Omit the pictures while printing every entry below exactly as given.

┄┄┄┄┄┄┄┄┄┄

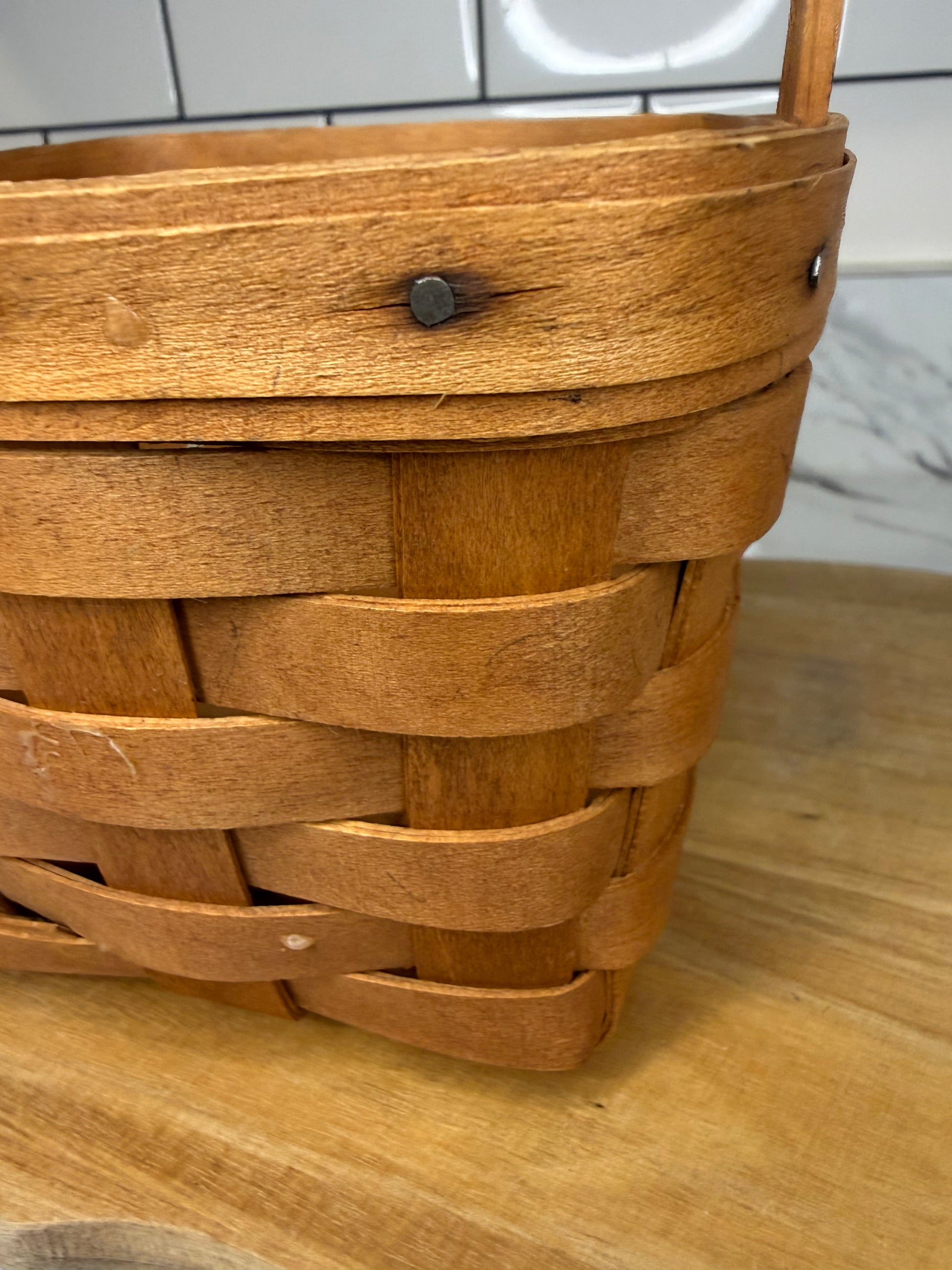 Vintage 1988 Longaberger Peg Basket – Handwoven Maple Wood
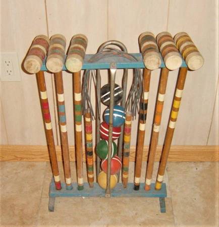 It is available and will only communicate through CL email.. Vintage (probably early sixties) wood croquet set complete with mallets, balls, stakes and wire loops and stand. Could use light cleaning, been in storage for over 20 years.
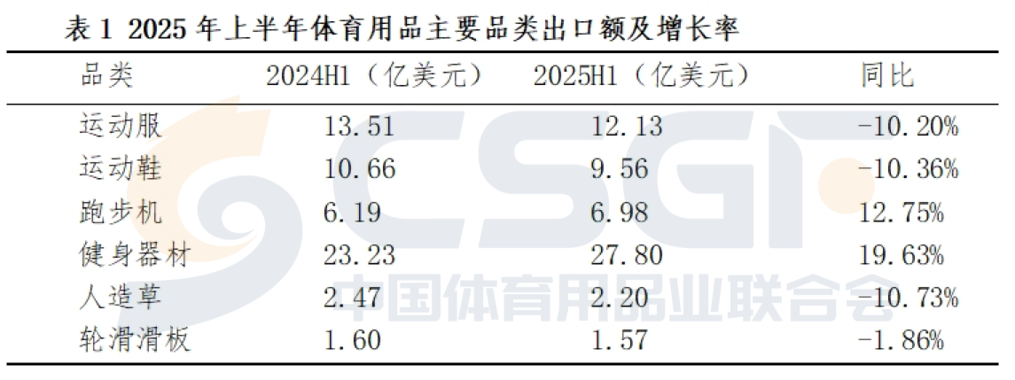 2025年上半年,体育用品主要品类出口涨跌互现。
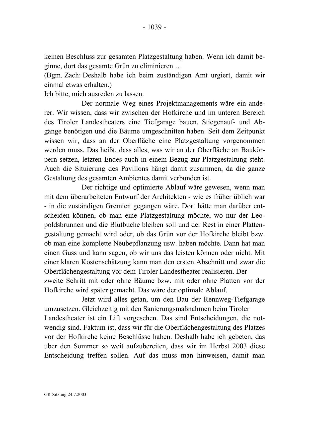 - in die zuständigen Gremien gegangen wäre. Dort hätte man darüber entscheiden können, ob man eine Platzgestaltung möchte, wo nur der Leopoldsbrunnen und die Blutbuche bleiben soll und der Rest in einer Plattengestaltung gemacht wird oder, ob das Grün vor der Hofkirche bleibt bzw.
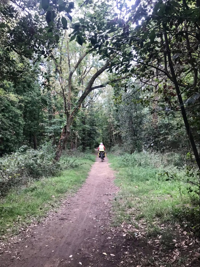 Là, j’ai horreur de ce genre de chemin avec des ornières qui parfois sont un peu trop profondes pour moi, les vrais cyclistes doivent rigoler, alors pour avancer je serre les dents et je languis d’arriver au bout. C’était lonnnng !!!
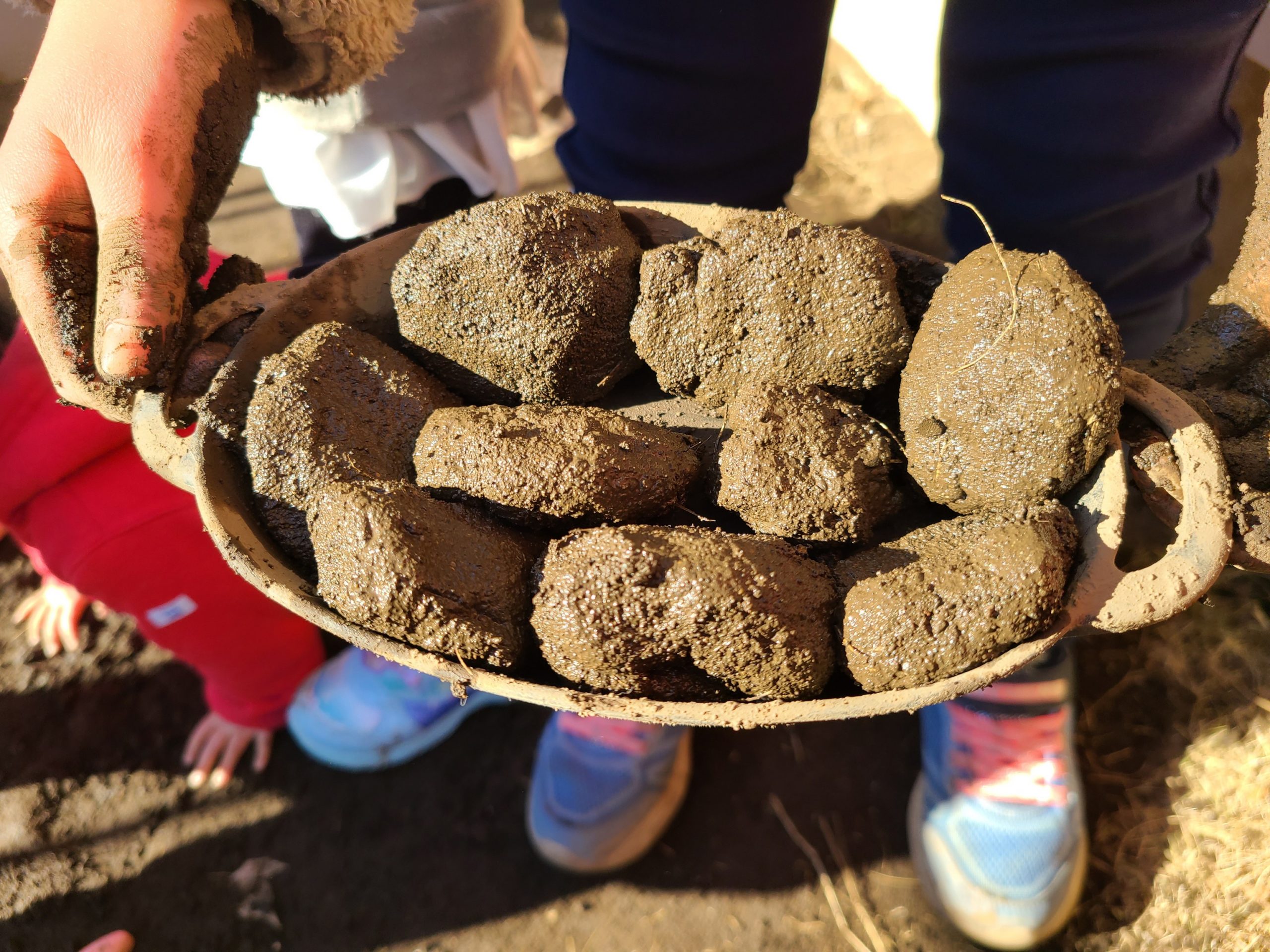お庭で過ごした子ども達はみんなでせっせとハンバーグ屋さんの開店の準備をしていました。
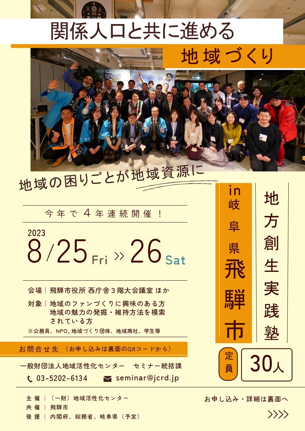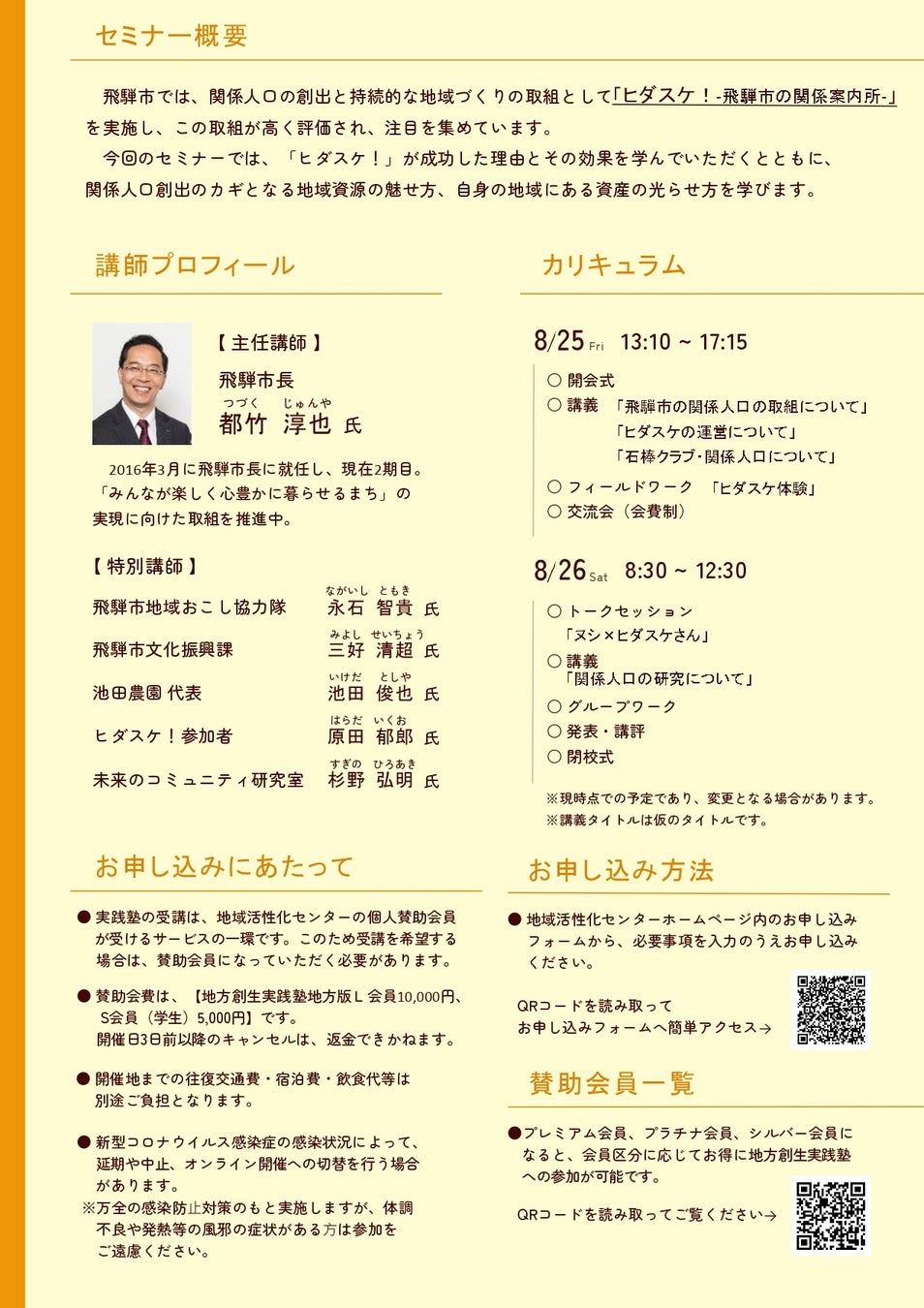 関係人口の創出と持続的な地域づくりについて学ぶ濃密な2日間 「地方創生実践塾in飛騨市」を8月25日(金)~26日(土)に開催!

┄┄┄┄┄┄┄┄┄┄

**ANSWER FOR THIS EXERCISE**
 Vintage 1988 Longaberger Peg Basket – Handwoven Maple Wood
 It is available and will only communicate through CL email.. Vintage (probably early sixties) wood croquet set complete with mallets, balls, stakes and wire loops and stand. Could use light cleaning, been in storage for over 20 years.
 2025年上半年,体育用品主要品类出口涨跌互现。
 - in die zuständigen Gremien gegangen wäre. Dort hätte man darüber entscheiden können, ob man eine Platzgestaltung möchte, wo nur der Leopoldsbrunnen und die Blutbuche bleiben soll und der Rest in einer Plattengestaltung gemacht wird oder, ob das Grün vor der Hofkirche bleibt bzw.
 Là, j’ai horreur de ce genre de chemin avec des ornières qui parfois sont un peu trop profondes pour moi, les vrais cyclistes doivent rigoler, alors pour avancer je serre les dents et je languis d’arriver au bout. C’était lonnnng !!!
お庭で過ごした子ども達はみんなでせっせとハンバーグ屋さんの開店の準備をしていました。
 関係人口の創出と持続的な地域づくりについて学ぶ濃密な2日間 「地方創生実践塾in飛騨市」を8月25日(金)~26日(土)に開催!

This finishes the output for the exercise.